Issues with friend/bridesmaid

Becky, on June 3, 2018 at 10:50 Posted in Before the wedding 0 14
Not sure how to handle this!
One of my bridesmaids is also getting married and 3 months before me. My fh and I are in there wedding party. She’s in mine but my fh hasn’t decided on his yet. Recently she has acted really strange making it all a competition and we haven’t even spoke for over a month. I went and stopped in to break the ice as before she had made some rude comments about me to my future sister in law. She had told me she got her dress already (it was something that I had tried on and wanted to go back and try on again). I went and found my dress yesterday’s ith my fmil! I am in love, she bought her dress same place but told me off the rack.

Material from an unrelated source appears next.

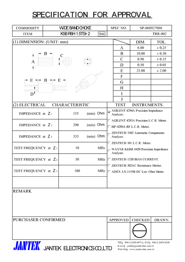 Dławik ferrytowy, osiowy, 1.5 x 2 -zwojowy, Z=155Ω przy 10MHz, Z=290Ω przy 50MHz, Z=335Ω przy 100MHz
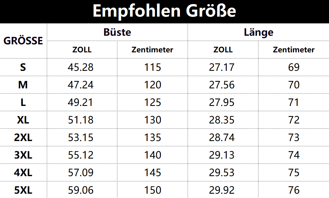 • Vorschlag:* Diese Daten wurden aus der manuellen Messung des Produkts erhalten, es kann um 0,03-0,06 ZOLL/1-3 CM aus geschaltet sein

I showed her my dress and she told me it was her top three and was in love with it. Then decided to mention she actually hasn’t paid for her dress yet. Now I’m afraid she will go back and order it and not tell me. It has been drama for a while and I am having bad anxiety over it. I don’t feel that if I can’t have a bridesmaid I can show everything to what’s the point? I want to drop out of her wedding and tell her she is no longer in mine as it would be for the best with planning and schedules.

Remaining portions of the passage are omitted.